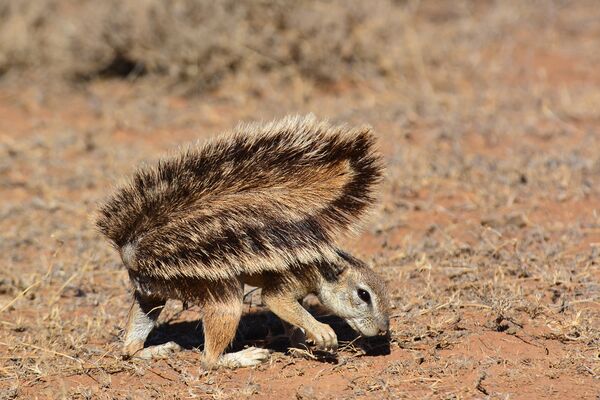 Cape yer sincapları geniş kuyruklarını şemsiye gibi kullanarak kendilerine gölgelik oluşturur.
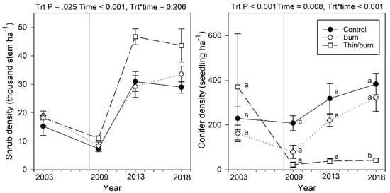 Mean shrub and conifer seedling density (>40 cm and ≤ 137 cm in height) plotted through time for both treatments and control. Bars represent 1 standard error of the mean (n = 4). The vertical line denotes when all treatments were completed (2008). Data comparisons are among treatments and different letters denote a significant treatment effect within a year (p ≤ 0.05).
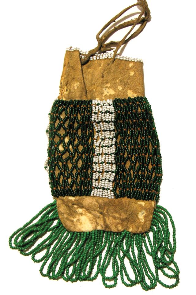 Circa 1940, Exquisite bead fringed pouch with small, dark green beads and white and green striped stripe down the middle. 7" x 3-1/4"
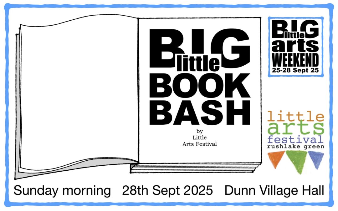 The Book Bash is back, by popular demand. Following on from the success of the book sale for local readers, during the 2024 Little Arts Festival, we’re planning a Book Bash as part of our Big Little Arts Weekend in September. We’d love to hear from local book clubs that would be ready to participate again. And if you’d like to volunteer to help prepare and run the event, please get in touch. The Book Bash is planned for Sunday morning 28th Sept 2025 Dunn Village Hall Rushlake Green All book donations ahead of the meet will be very welcome.
··········
EXERCISE — Keep every word of the material exactly as given. Drop the pictures.

ANSWER TO THE EXERCISE —
 Cape yer sincapları geniş kuyruklarını şemsiye gibi kullanarak kendilerine gölgelik oluşturur.
 Mean shrub and conifer seedling density (>40 cm and ≤ 137 cm in height) plotted through time for both treatments and control. Bars represent 1 standard error of the mean (n = 4). The vertical line denotes when all treatments were completed (2008). Data comparisons are among treatments and different letters denote a significant treatment effect within a year (p ≤ 0.05).
 Circa 1940, Exquisite bead fringed pouch with small, dark green beads and white and green striped stripe down the middle. 7" x 3-1/4"
 The Book Bash is back, by popular demand. Following on from the success of the book sale for local readers, during the 2024 Little Arts Festival, we’re planning a Book Bash as part of our Big Little Arts Weekend in September. We’d love to hear from local book clubs that would be ready to participate again. And if you’d like to volunteer to help prepare and run the event, please get in touch. The Book Bash is planned for Sunday morning 28th Sept 2025 Dunn Village Hall Rushlake Green All book donations ahead of the meet will be very welcome.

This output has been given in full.